As mentioned above, neutral processes are unlikely to lead to bacterial speciation, especially in the case of sympatric recombining populations that co-occur at fine spatial scales (Fraser et al. 2007). This suggests that selection must initiate the formation of distinct genomic clusters, which might eventually lead to selection against genetic intermediates and the cessation of gene flow (Shapiro 2014). Ecological specialization is thought to be a strong force leading to speciation, since the nascent species will present differentially selected EcoSNPs or specialized accessory genes, i.e., alleles or genes specialized in one niche (Shapiro et al. 2012). Simulations have shown that sympatric speciation is more likely when fewer loci are required for speciation and when recombination is reduced (Friedman et al. 2013). As two populations become more and more differentiated, the accumulation of substitutions is expected to reduce gene flow due to epistatic interference (Jain et al. 1999), similarly to Dobzhansky–Muller incompatibilities. Indeed, many loci of the genome coevolve together, and, for instance, central protein complexes such as translation, transcription, and replication complexes require interaction between many central proteins that coevolved together, which could explain why these genes are rarely exchanged by HGT across species, i.e., the “complexity hypothesis” (Jain et al. 1999). Such incompatibilities are expected to be most relevant when populations have significantly diverged and most likely form barriers of gene flow when DNA originates from distant species. However, it is possible that those negatively selected epistatic interactions also contribute to the isolation of more recently diverged populations.

Several studies have demonstrated that the impact of selection on bacterial genome evolution depends on the relative prevalence of selection (s) and recombination rate (r) in sympatric evolution (Shapiro et al. 2009; Friedman et al. 2013; Polz et al. 2013). When selection is much stronger than recombination (r/s << 1), the selected allele will lead to the fixation of the entire genotype through genome sweep. The resulting process will be similar to the periodic selection predicted by the SEM. On the other hand, alleles with lower selective coefficients relative to recombination (r/s >> 1) are expected to evolve by gene/allele sweep. In this case, selection will be unable to lead to speciation as the selected allele will be exchanged between the population’s genotypes by gene sweep. Several studies have attempted to determine whether prokaryotic populations evolve primarily through gene or genome sweeps and, so far, evidence overwhelmingly suggests that gene sweeps are more frequent than genome sweeps (a single case of genome sweep against ~35 cases of gene sweeps (Simmons et al. 2008; Croucher et al. 2011; Shapiro et al. 2012; Cadillot-Quiroz et al. 2012; Bendall et al. 2016; Bao et al. 2016; Porter et al. 2017)). The large prevalence of gene sweeps over genome sweeps is somewhat surprising considering that prokaryotes, as asexual organisms, are thought to display modest rates of gene flow (Wiedenbeck and Cohan 2011). It is, however, difficult to clearly quantify the impact of gene flow on genome evolution (Bobay et al. 2015) and a recent experimental evolution study has shown that gene flow can even lead to the extinction of beneficial alleles (Maddamsetti and Lenski 2018). It is possible that additional factors counteract genome sweeps, such as clonal interference (Lieberman et al. 2014; Maddamsetti et al. 2015) and negative frequency-dependent selection (Cordero and Polz 2014; Takeuchi et al. 2015).

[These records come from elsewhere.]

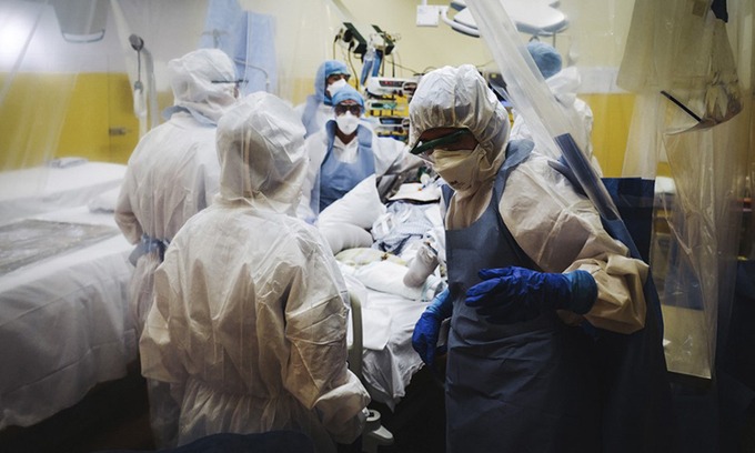 Các nhân viên y tế điều trị cho bệnh nhân Covid-19 trong phòng chăm sóc tích cực tại bệnh viện Franco-Britannique, phía bắc Paris, Pháp hôm 9/4. Ảnh: AFP.
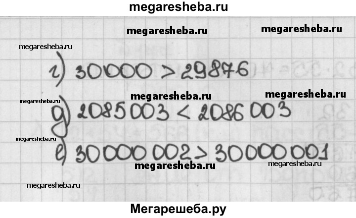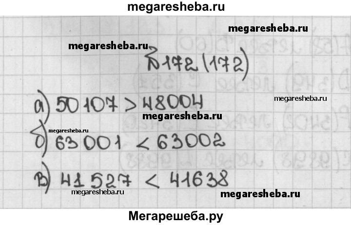 172. Сравните числа и поставьте вместо звёздочки знак < или знак >: а) 50 107 * 48 004; г) 30 000 * 29 876; б) 63 001 * 63 002; д) 2 085 003 * 2 086 003; в) 41 527 * 41 638; е) 30 000 002 *30 000 001.
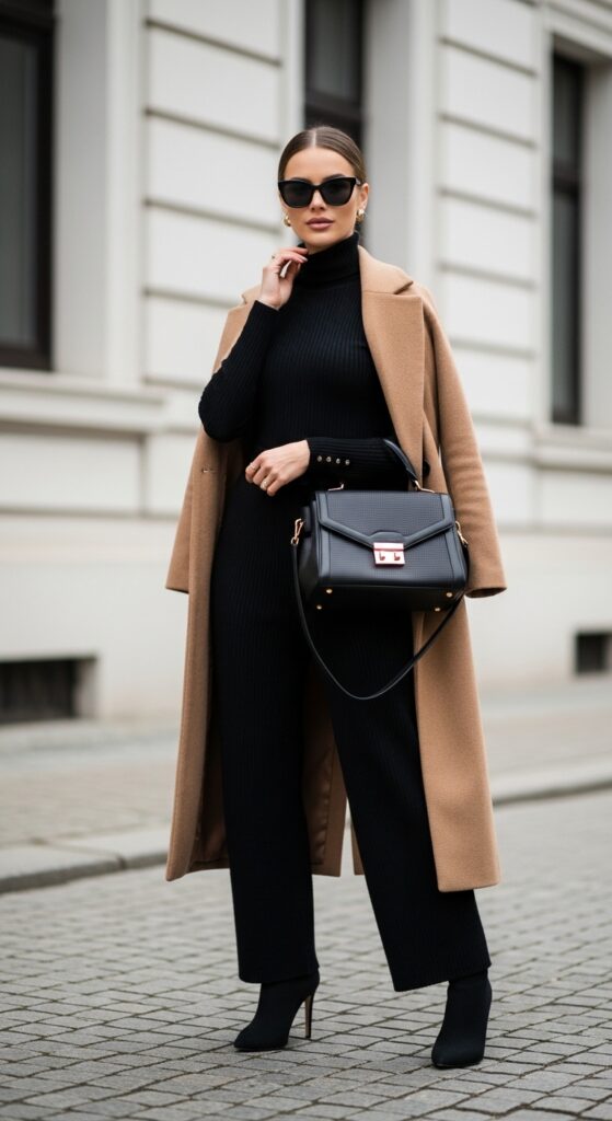 A fitted turtleneck paired with high-rise knit trousers is an iconic look that never fades. This combo offers a streamlined, flattering silhouette that transitions effortlessly from day to night. Opt for a single color scheme—maybe a deep navy or warm camel—for an elegant and cohesive appearance.
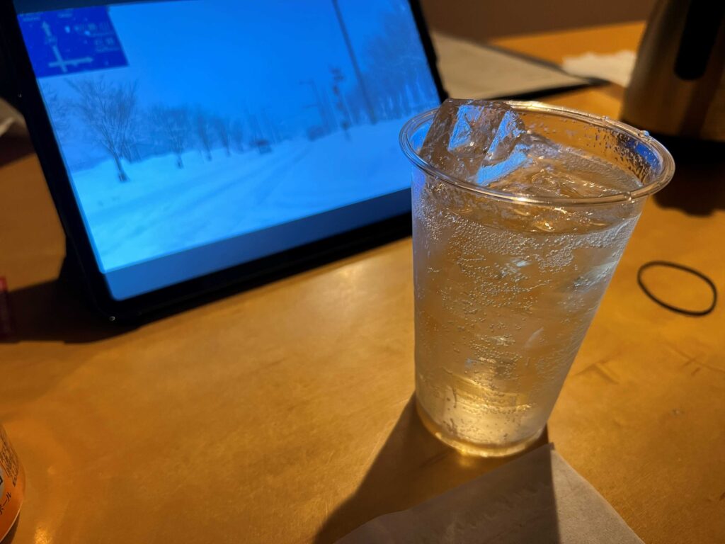 ちょうど部屋の近くに製氷機があったのでハイボール。でかい氷をコップ一杯にして飲むハイボールうますぎ。

Introgression and HGT from External Species

In comparison to the processes acting in sexual organisms, occasional gene flow from external bacteria could be seen as a form of introgression. It has been noted that introgression can sometimes present a source of adaptive alleles in sexual organisms and those transfers can even lead to hybrid speciation (Mallet 2007; Rieseberg 1997; Seehausen 2004; Keller et al. 2013). The importance of these processes remains to be explored in prokaryotes. A study comparing the evolution of two Campylobacter species—C. jejuni and C. coli—can be viewed as evidence of bacterial introgression (Sheppard et al. 2008, 2013). Although these results might lead to the complete “despeciation” of the two lineages, it should be noted that the transfer of DNA is asymmetric where one clade of C. coli has likely gained alleles from C. jejuni but other clades of C. coli did not. Interestingly, this case of bacterial introgression appears ecologically-driven based on recent niche overlap (Sheppard et al. 2008). It is, therefore, possible that introgression can result in the same outcomes in prokaryotes, such as hybrid speciation (Shapiro et al. 2016).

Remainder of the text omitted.